Why do we use NoSQL at all when we have our good, old RDBMSs? The answer is, in some cases, a RDBMS does not suffice, while in others it is overkill. Here are a few drawbacks to relational databases that can make NoSQL a better solution:
- An application might need to store data in a hierarchical network or tree structure.
- You might just want to store the elements of the application in a persistent storage consistently, but RDBMS can be pretty expensive in terms of cost and resources.
- NoSQL fits best when the application entities need a query capability in them.
- RDBMS might fail if you are working on a distributed database or on a cloud-based application for availability and durability.

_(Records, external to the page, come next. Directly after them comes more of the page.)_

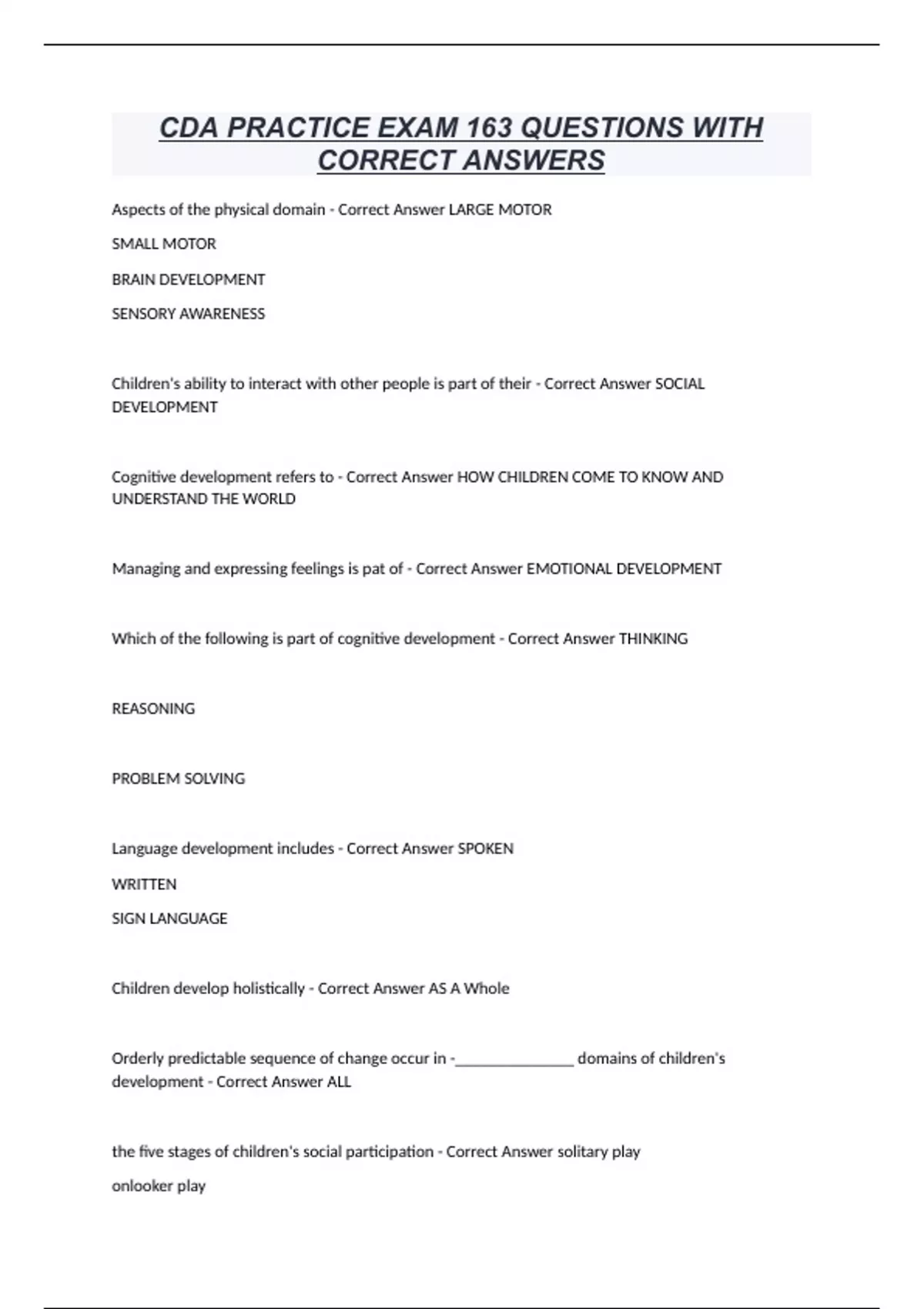 CDA PRACTICE EXAM 163 QUESTIONS WITH CORRECT ANSWERS Aspects of the physical domain - Correct Answer LARGE MOTOR SMALL MOTOR BRAIN DEVELOPMENT SENSORY AWARENESS Children's ability to interact with other people is part of their - Correct Answer SOCIAL DEVELOPMENT Cognitive development refers to - Correct Answer HOW CHILDREN COME TO KNOW AND UNDERSTAND THE WORLD Managing and expressing feelings is pat of - Correct Answer EMOTIONAL DEVELOPMENT Which of the following is part of cognitive development - Correct Answer THINKING REASONING PROBLEM SOLVING Language development includes - Correct Answer SPOKEN WRITTEN SIGN LANGUAGE Children develop holistically - Correct Answer AS A Whole Orderly predictable sequence of change occur in -______________ domains of children's development - Correct Answer ALL the five stages of children's social participation - Correct Answer solitary play onlooker play parallel play associative play cooperative play all children - Correct Answer FOLLOW THE SAME SEQUENCE BUT PROCEED AT THEIR OWN RATE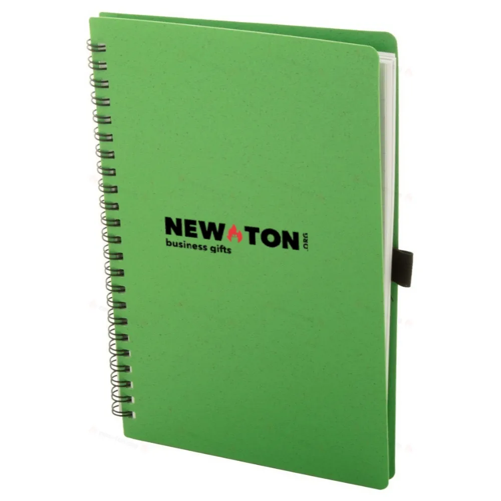Экологический блокнот с обложкой из пластика, изготовленного из пшеничной соломы, с 70 линованными листами из переработанной бумаги и держателем для ручки, размером А5.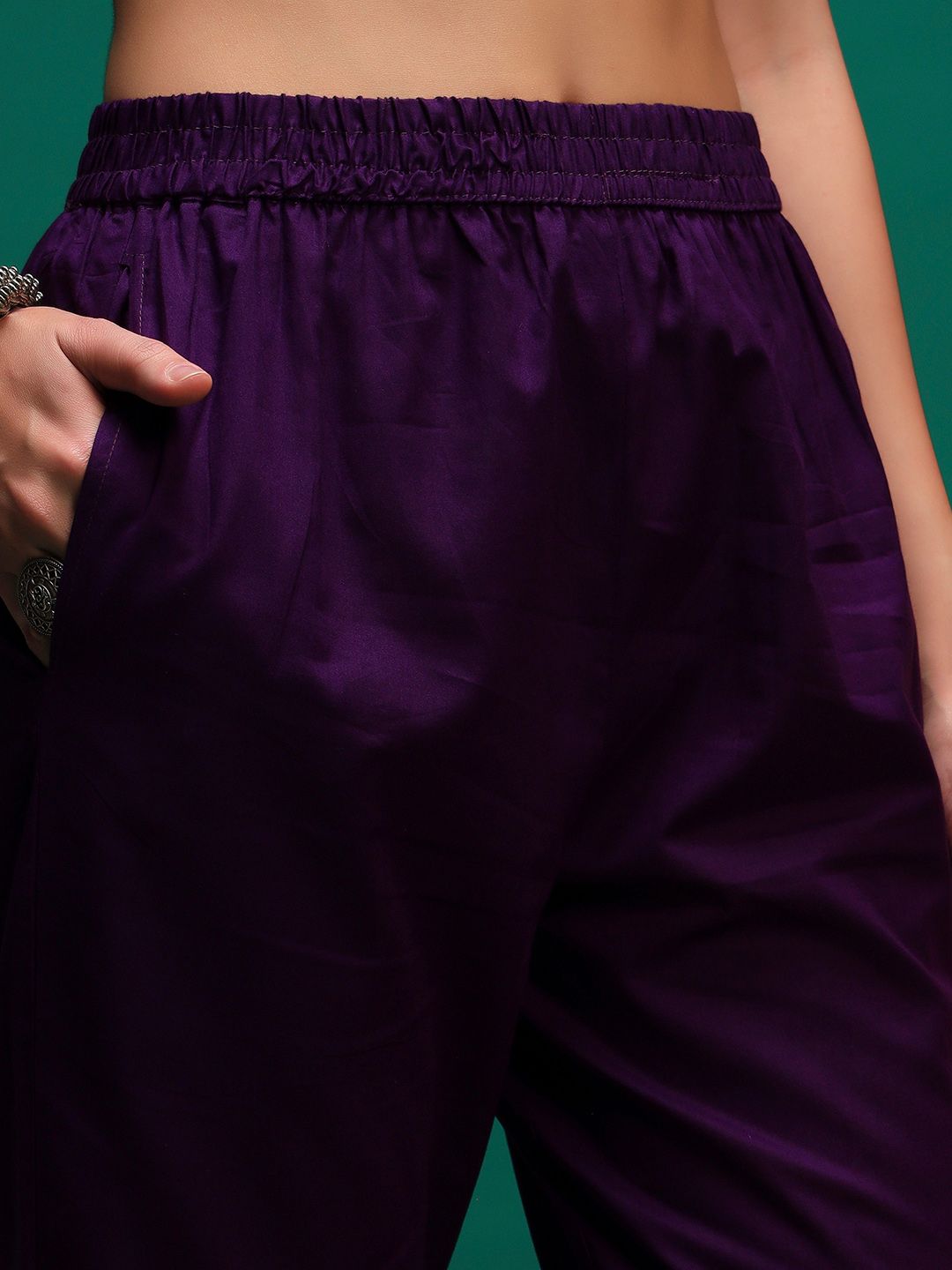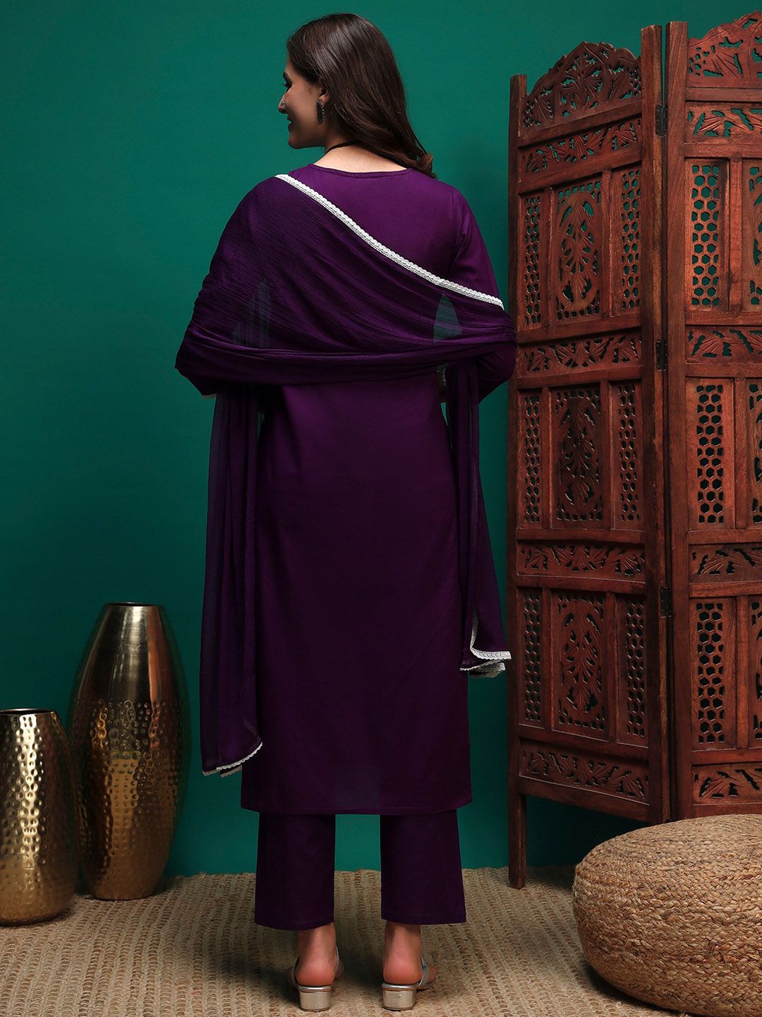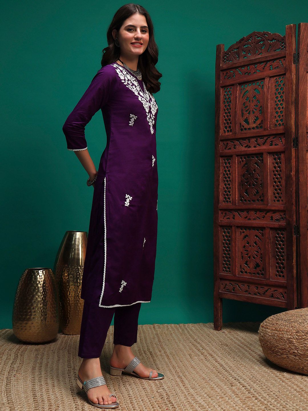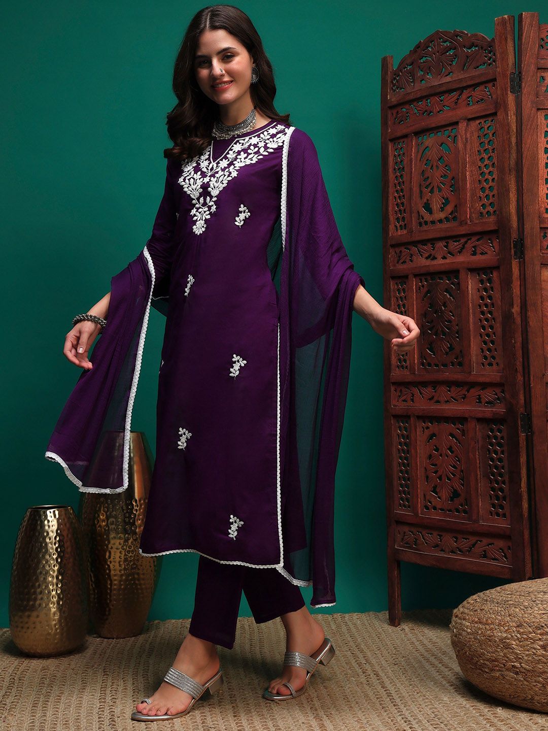 Sangria Floral Embroidered Chikankari Pure Cotton Straight Kurta With Trouser And Dupatta

- NoSQL does not require a rigid schema definition or the storage of metadata to supplement the existing data.
The key thing to understand is that there was a need driven by the massive amounts of data and the change in how databases were required. As the web got more social, it wasn't just about reads, but writes, and how to scale that. In these instances, NoSQL is superior to a more traditional RDBMS.
The Bottom Line on NoSQL
Following in the footsteps of internet giants, many companies and organizations that deal with massive chunks of data are using NoSQL along with their existing DBMSs for higher performance and efficiency. If you are dealing with high-volume web applications, you'll probably need a strong understanding of NoSQL.
For smaller organizations, the value of NoSQL isn't quite as strong, especially since there are serious challenges in terms of implementing it, including lack of support, expertise, administration, analytics and business intelligence. The fact of the matter is that the average small business isn't generating petabytes of data every day. That said, NoSQL's popularity is growing, and is likely to continue to be an increasingly important tool and skill for database managers, so it doesn't hurt to at least know the basics.